On the same cell site, Vodafone has enabled 4G using 1800MHz spectrum (as used for its urban 4G rollout so far), meaning any Vodafone customers in the coverage area with a 4G-capable device and qualifying plan will also be able to use the service.
Vodafone charges a $10 a month premium for its recently-launched 4G service. Compatible 1800MHz 4G devices include the most recent version of Samsung's Galaxy S III, and the latest iPhone and iPad.
The company also wants to test smarphones and data dongles on the 700MHz band being trialed. The version of the iPhone 5 sold here doesn't support the 700MHz band being trialled, Vodafone is bringing a selection of iPhone 5s and other 700MHz-ready devices to NZ from AT&T in the US.
Telecom, which has a 4G trial underway and a commercial launch in urban areas planned for October, tells NBR it also plans to deploy 4G in rural rural areas, co-locating its gear on Vodafone-constructed celltowers.

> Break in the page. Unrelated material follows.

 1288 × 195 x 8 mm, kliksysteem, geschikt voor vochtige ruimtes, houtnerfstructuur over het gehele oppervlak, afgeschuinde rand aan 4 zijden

Chorus and Vodafone are won the six-year contract to build a rural broadband network under the $300 million public-private Rural Broadband Initiative (RBI). Under the scheme, Chorus is laying new fibre in rural areas, and Vodafone constructing new cell towers and upgrading others. The RBI is a wholesale network.
Vodafone launched 4G in parts of Auckland on 28 February. The mobile technology - which allows for much faster internet connections than 3G used in most places today - will be rolled out to Christchurch in May, Wellington by September and 15 other cities across New Zealand by Christmas.

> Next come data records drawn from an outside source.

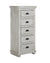 Introducing the charming and rustic lingerie chest, perfect for adding a touch of farmhouse style to your bedroom. This piece showcases hand applied distressing on rough hewn and planed pine solids, creating a beautifully natural look. The tops and ends are made of solid planked panels, giving them a sturdy and substantial feel. With oversized thick tops and parting rails, this chest exudes a sense of strength and durability. The tongue and groove construction, along with pine solids, ensures long-lasting quality. The inset drawers are constructed with solid pine interiors, equipped with metal positive stop guides for smooth and convenient usage. Adding to its antique appeal, the nostalgic cup pulls feature a gunmetal finish. All of these exquisite details come together in a charming Chalk Gray finish, making this lingerie chest the perfect addition to your country-inspired bedroom dacor.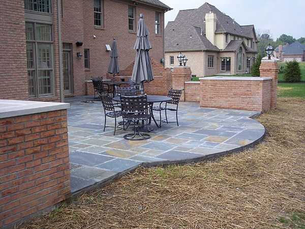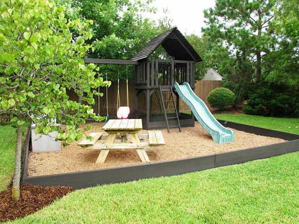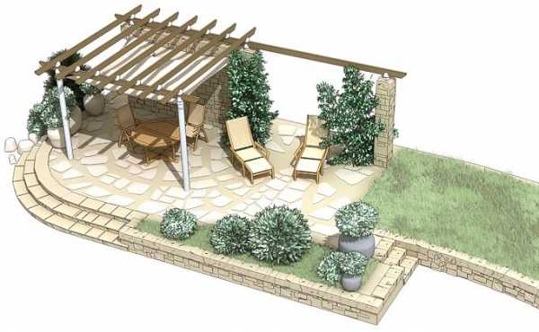 На заднем дворе площадку также можете выложить при помощи каменных плит и бетона, также возможен вариант засыпания гравием, галькой…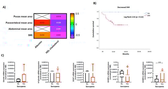 (A) Significant clinical/biochemical correlations between nutritional parameters and CT-measured muscle characteristics including SMI. (B) Cumulative survival curve for NEN patients according to the presence of sarcopenia at diagnosis using CT imaging. (C) Molecular expression of ghrelin system components in NEN tumor samples according to the presence of sarcopenia at diagnosis using CT scans.
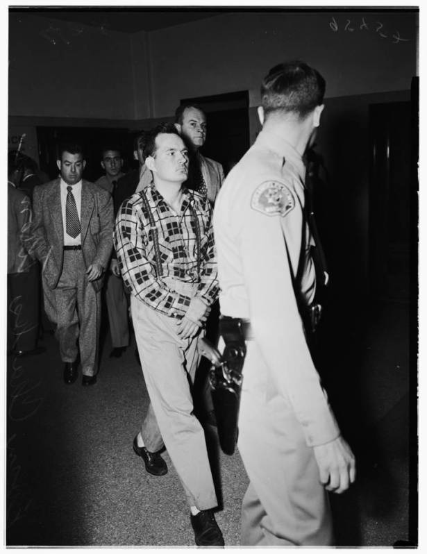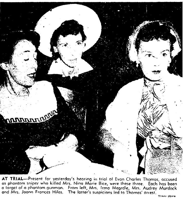 Originally from Ohio, Thomas, who was in his late 20s, had come to California while he was serving with the Air Force. He now worked as a railyard switchman. Far from a moody loner, he was married, with two young children and another on the way. When his wife left to visit her mother on August 27, 1951, he felt “at loose ends” he said, so he grabbed the rifle and went driving around. He spotted Lois Kreutzer in the phone booth and took a shot at her “on impulse,” hiding among a stand of avocado trees to get a bead on her. He described lurking in an orange grove across from Irma Megerdle’s before shooting her, and spotting Nina Bice at the hot dog stand. He admitted shooting up the Walter house, and firing on Patricia Bryant and Audrey Murdock. “I just drove around and picked them at random,” on his way to work or on household errands he said, admitting the selection of victims was “erotically motivated.” Later the same day he led D.A. investigators and sheriff’s officers on a tour of the locations.

Tony Baird, Vodafone's head of networks, says the Lake Brunner dual frequency trial will be carried out over several months allowing the company to demonstrate and test the benefits of 4G in a rural environment.
“4G technology has huge potential for rural New Zealand as it will drive productivity gains for this essential part of our economy. We are working in partnership with the government to bring broadband to rural communities through the Rural Broadband Initiative (RBI), and we have committed to making all the RBI sites upgradeable to LTE.
“Lake Brunner is an ideal test location as it has a number of different characteristics which mean we can test a number of things at the same time, including topography (meaning we can test the technology over land and water), geography (being surrounded by mountains means the radio frequency is relatively isolated) and cell tower type.”
“The trial will provide valuable data to support the eventual rollout of 4G to rural New Zealand and we are looking forward to working with the Lake Brunner community as we test this exciting new technology,” Mr Baird says.
Grey District Mayor Tony Kokshoorn, says, “The area has had a massive growth in tourism, as well as being home to many dairy farms that will all benefit from the services available on a 4G network. Lake Brunner is the preferred holiday destination of many Cantabrians, and this will allow them to stay connected with their businesses on the other side of the Alps. You will be able to experience the rainforest, fresh air and lakes, whilst enjoying the absolute latest in communication technology.”